Karola znalazłam tętno w karcie ciąży - za każdym razem 160.Tylko mój gin tak bazgroli, że nie wiedziałam co to jest ;-) .
 
Ostatnia edycja:
reklama
Witam
dziewczyny stoje przed wielkim dylematem:-(
Nie wiem co zrobic w mojej pracy 2 dziewczyny odeszły na l4 sa w ciazy a punkt w którym pracuje skladał sie z 3 osób.I zostałam sama i co dalej dalszy problem w tym ze dostalismy wypowiedzenie lokalu do grudnia ,teraz szukamy nowego lokalu.I teraz mam dylemat tu mam umowe na 6 lat,a mam nowa oferte pracy tylko jak wiadomo dostane umowe na czas próbny ,a my przeciez staramy sie o dzidziusie:(.Nie wiem jak to jest z ta umowa na czaqs próbny jak jest sie w ciazy czy przysługuja jakies swiatczenia,czy mozna isc na l4.Czy moze zostac w tej pracy i do konnca roku pojawi sie fasolka nie weim co zrobic.
Pozdrawiam
 
Witajcie! Jestem tu nowa (w tym wątku), ale to chyba najlepsze miejsce dla mnie :sorry: - mam 11-letnią córkę, za sobą dwie nieudane próby 2007 (7 tc) i 2008 (6 tc), 6.11 znów zobaczyłam na teście dwie kreseczki... Oczywiście zrobiłam od razu betę, wyszła 1250, więc nawet więcej niż się spodziewałam (OM 5.10),
Trudno mi sobie poradzić z emocjami, z jednej strony czekam na ten moment ponad trzy lata, a z drugiej strony dwie porażki spowodowały, że jesem jedną kulką nerwów, czy tym razem nie będzie tak samo... Bo niby dlatego miałoby byc inaczej?.. Z jednej strony bardzo chcę wierzyć że będzie dobrze, przez te kilka dni już zdążyłam myśleć o wszystkim - od organizacji przerwy w pracy, logistyki opieki nad dzidziusiem, umeblowania pokoju, który czeka na to od ubiegłego roku, kiedy to skończyliśmy budowę domku, wyborem wózka, o imionach itp, a zaraz potem mam łzy w oczach na myśl, jak kruchy jest to stan...
16.11 mam wizytę u gina, jest szansa, że będzie już widoczne tętno - o tyle byłabym spokojniejsza... ale te dni ciągną się jak lata...
Dodam, że mam 36 lat i jeśli tym razem się nie uda, nie będę mieć siły próbować kolejny raz...
Wybaczcie, że na Was wylewam swoje smutki, ale muszę coś z tym zrobić, nawrt na pracy jest mi ciężko się skupić. Kazda wizyta w toalecie to kolejny stres, czy znów się nie pojawi plamienie, zwiastun najgorszego.

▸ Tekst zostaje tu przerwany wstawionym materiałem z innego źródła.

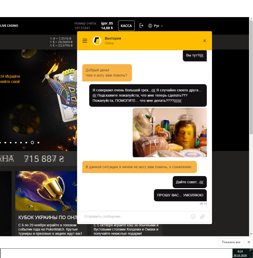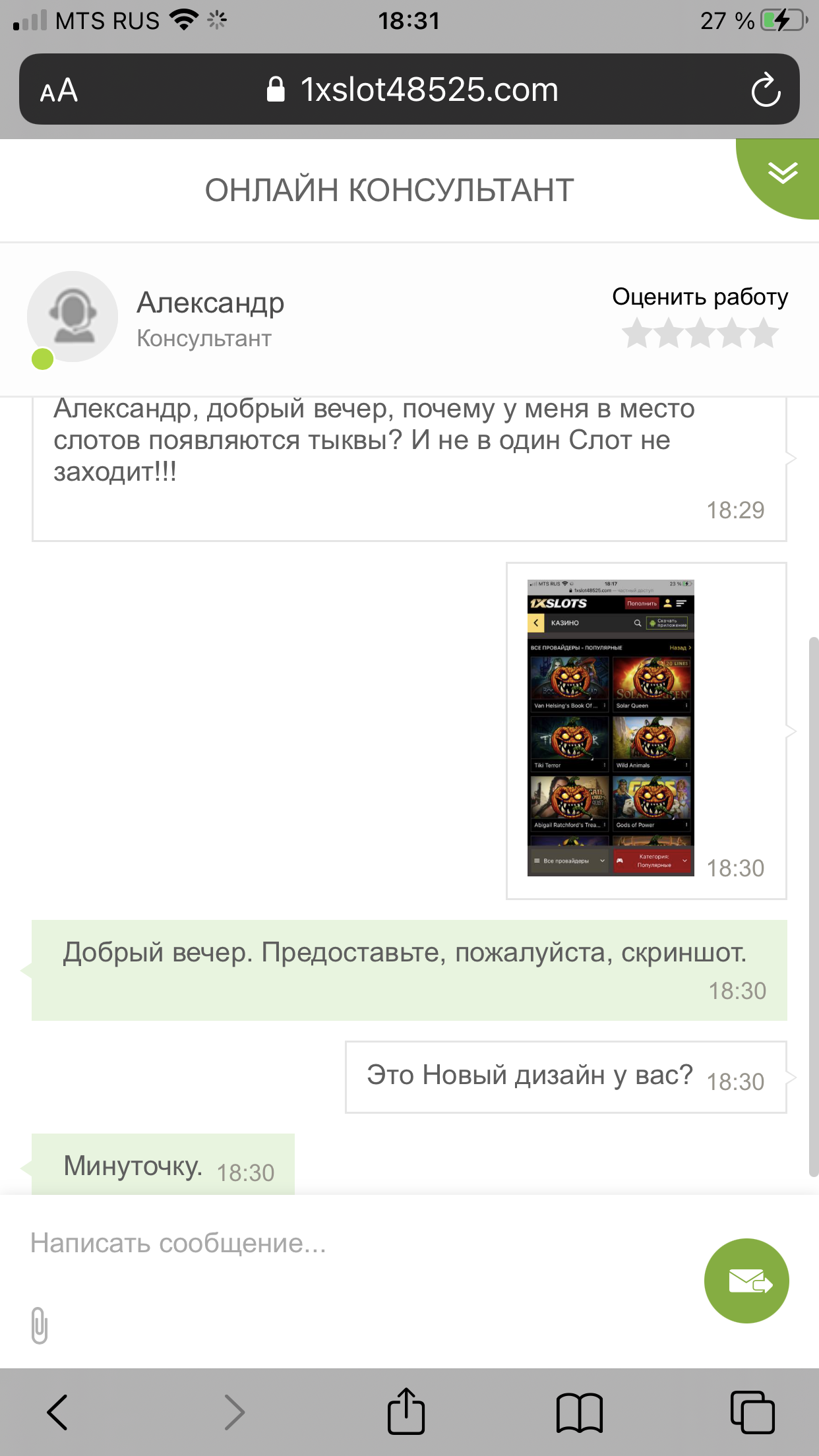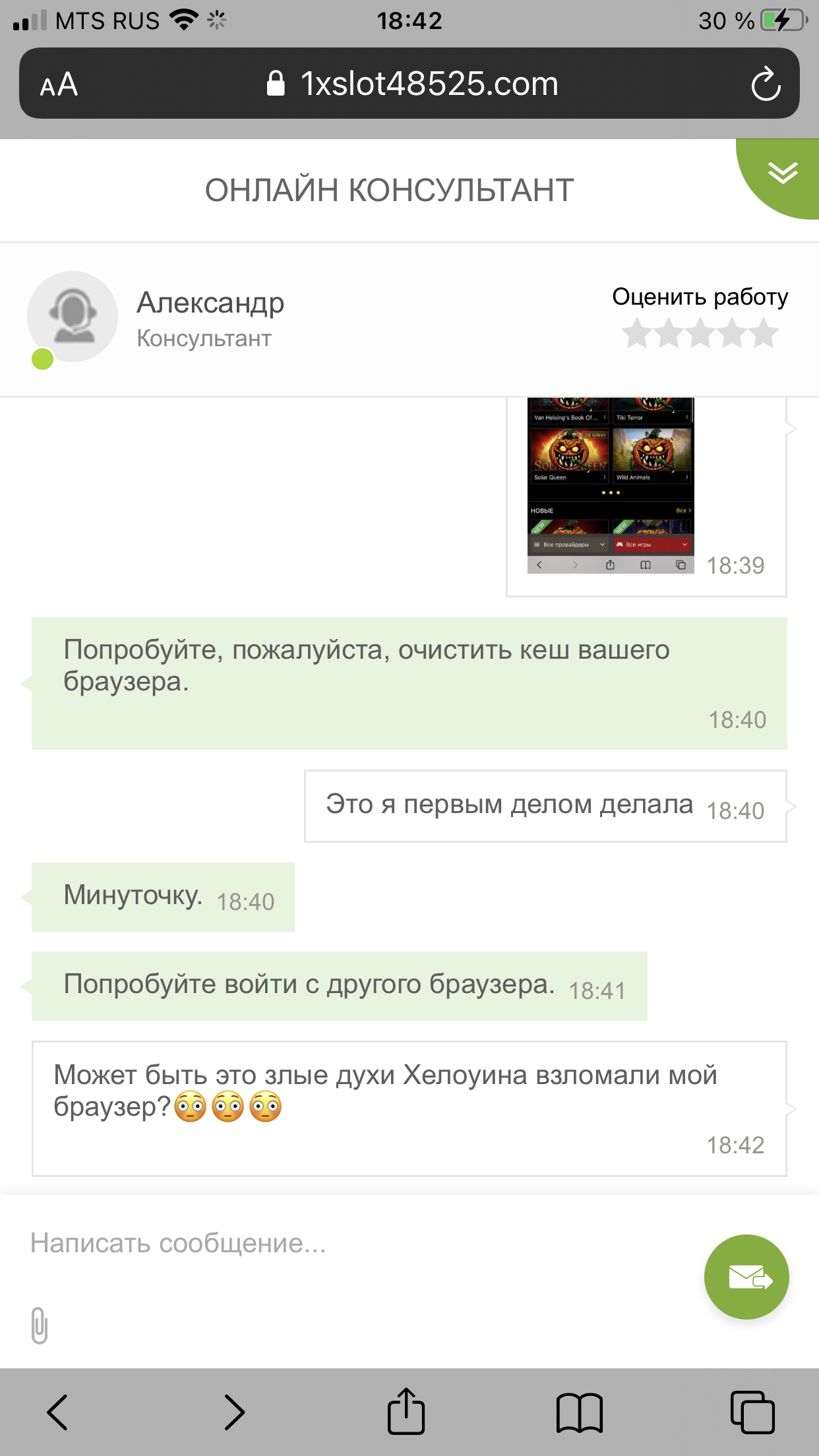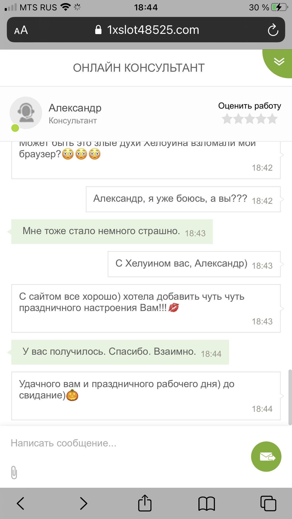 играю в общем в слоты и тут бац на весь экран какая то тыква стращная появляется на экране и вместо глаз у нее дырки а в них горит свеча и имя светиться Константин и что то непонятное мелким шрифтов написано ну типо предупредить я должен Онлайн консультанта об опасности

Od piątku jestem na duphastonie (profilaktycznie, u lekarza jeszcze nie byłam, jak pisałam). Staram się jak najwięcej odpoczywać.
Miłego dnia Wam życzę !
 
Witaj. Masz rację to najlepsze miejsce da Ciebie. Będziemy się tutaj wspierały, mam nadzieję, że aż do szczęśliwego lipca. Nie jestem pewna, ale chyba dzisiaj czytałam Twój stary post o spadku bety hcg. Jeżeli tak, to chyba Cię przywołałam w myślach:-) Ja nie mogę spać od rana, bo ciagle sie boję. Czekam na dpowiedna godzinę, aby zadzwonić do lekarza. Módlcie się, zeby było dobrze. Miłego dnia dzieczęta:-)
 
Annas, faktycznie pisałam kiedyś posta o spadku bety :tak: Rzeczywiście mnie przywołałaś :-)
Trzymam oba kciuki za Twoje dobre wieści! Dawaj nam tu znać jak najszybciej !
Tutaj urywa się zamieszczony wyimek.